4 minute read

FIELD MUSIC

DAWN STOREY TALKS TO PETER BREWIS ABOUT FIELD MUSIC’S APPROACH TO SONGWRITING AND THE EARLY INFLUENCES WHICH INSPIRED THEIR LATEST ALBUM

When they came to make a new Field Music album, the Brewis brothers had a plan – to take it back to basics simply by getting together and playing live. Unfortunately, like so many other people’s plans lately, this one was halted by the pandemic – and so Flat White Moon ended up being a completely different set of songs altogether.

Advertisement

“It’s not the album we set out to make,” Peter Brewis tells me. “Me and Dave [Brewis] just wanted to get in a room and rock the hell out. I think we were listening to a lot of Free, strangely, and I thought we were going to write ten All Right Now’s, and then we didn’t because obviously we couldn’t play together in the studio. So after doing a couple of tracks in that style I ended up doing a lot of stuff just in my flat.”

Luckily there were still occasions when the pair could meet up. “We recorded a few songs together in the studio – really just banged things down – and then we had to do it separately for quite a while. Then we got back together and finished it off. The album prior to that [Making A New World] was…well, it was a bloody concept album and all the songs ran into each other and it was just complicated. I think we wanted to do something that was a little bit less like musical architecture. Sort of like ‘Can we just do some songs please?’.” He laughs.

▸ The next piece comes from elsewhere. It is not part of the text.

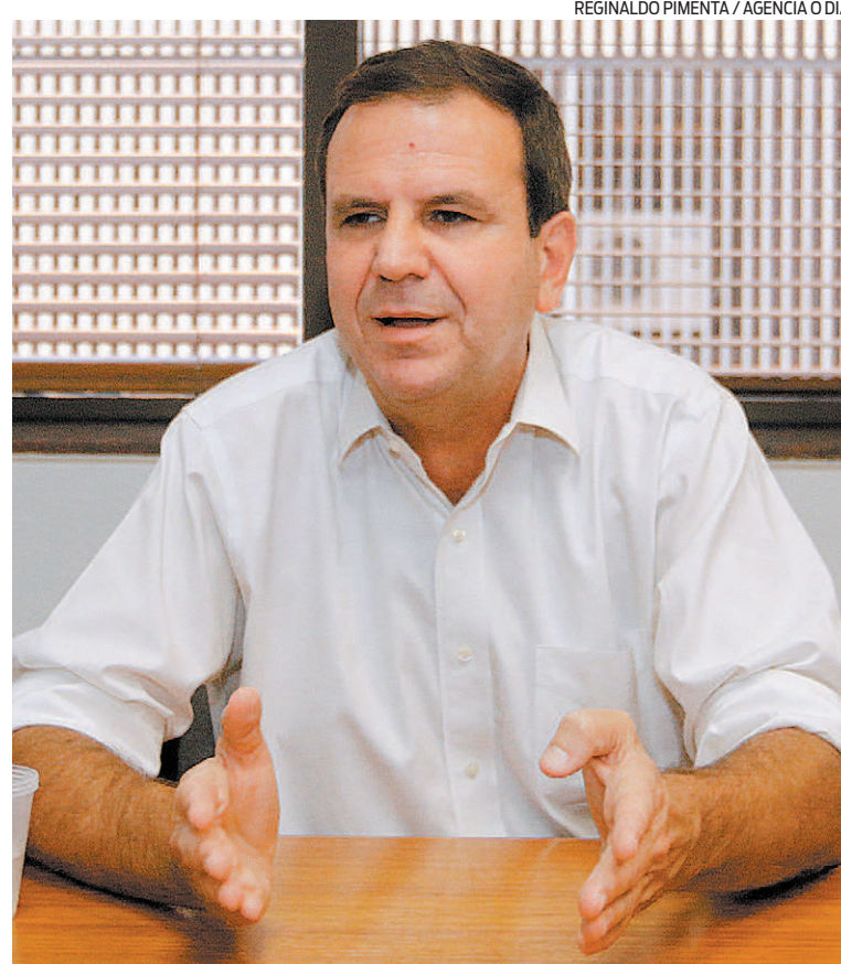
Eduardo Paes está de olho no legado que Crivella vai deixar.

Lembre-se ainda que “o alto grau de organização sindical do funcionalismo pressiona a despesa para cima, seja por reajustes reais, seja por ampliação de contratações”. A situação do Rio não é confortável em termos de receita, déficit, dívida e saldo de caixa. Por isso, é bom saber que a nova administração do Rio, alerta o professor, “não terá muito espaço para contratar e conceder reajustes”.

Flat White Moon comprises a real blend of song styles, opening with the lush, layered sounds of Orion From The Street, a track of which Peter is particularly fond. “In terms of the songs that I wrote it’s really important to the record, and I think it says a lot about where I was at. And also Not When You’re In Love and When You Last

Heard From Linda as well. I wouldn’t say they were my favourites but they’re the ones which mean the most to me.” Songwriting is shared between the two brothers and Peter also admits: “Quite often after I’ve written some songs and then I hear what Dave’s done, Dave’s songs are my favourite. Maybe that’s a bit of jealousy as well – when Dave’s written something amazing I’m like ‘Gah, I wish I’d thought of that!’”.

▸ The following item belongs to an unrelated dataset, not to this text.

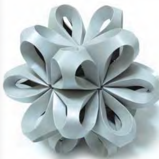
הנה הפדור המוכן!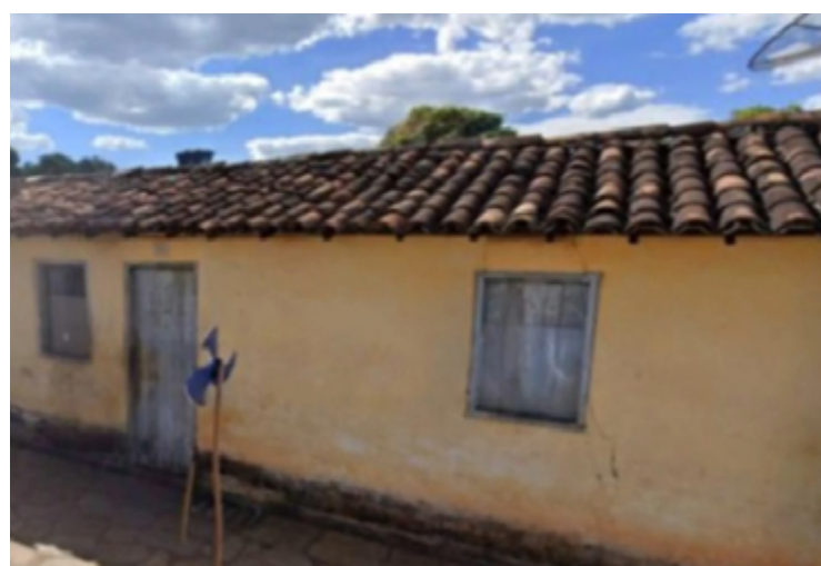
Casa teria importância histórica para Pirenópolis: Iphan autuou responsável pelo imóvel

Asked about influences for the new album, Peter says that some of them stretch right back to childhood. “We used to listen to music all the time in the house. My mam and dad had the classic record collection, as you can imagine. They grew up with pop music really, when the Beatles were starting to happen, and then progressed to Dylan and Led Zeppelin, Rolling Stones, Roxy Music, 10CC and actually because my mam was a youth worker she kept up with things right up until the early 90s when it turned to dance music.”

I THINK WE WANTED TO DO SOMETHING THAT WAS A LITTLE BIT LESS LIKE MUSICAL ARCHITECTURE. SORT OF LIKE ‘CAN WE JUST DO SOME SONGS PLEASE?’

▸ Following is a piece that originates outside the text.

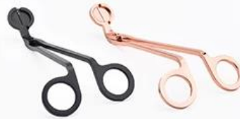
Wick Trimmer Cutter

.Adatto cho gia đình, khách sạn hoặc khu vườn

It’s little surprise then that a song or two on Flat White Moon have a touch of McCartney about them – such as the harmony-filled Not When You’re In Love. “Try as I might to get away from the Beatles, it’s difficult,” says Peter. “There has to be a conscious effort for it not to come out in what I do. But me and Dave have been listening to other things and we were maybe influenced by when we first really started liking music ourselves rather than just listening to our parents’. Mam and dad never had any Joni Mitchell and that’s something that I’ve got into quite a lot recently and I think that’s been a big influence on the approach to the lyrics on this record.”

The band are currently engaged in rehearsals, but not for a traditional tour, as Peter explains. “Now we’re in this brave new world of streamed gigs, we’re going to do one from the Brudenell in Leeds on Thursday 29th April. Nathan from the Brudenell just asked whether we fancied doing one and of course we said yes. We’ve played there so many times that it’s one of the venues that certainly feels like home – you just walk in and you know how it sounds and it’s great. So while we can’t go out and play we thought let’s do something else. I think everyone’s thinking the same really.”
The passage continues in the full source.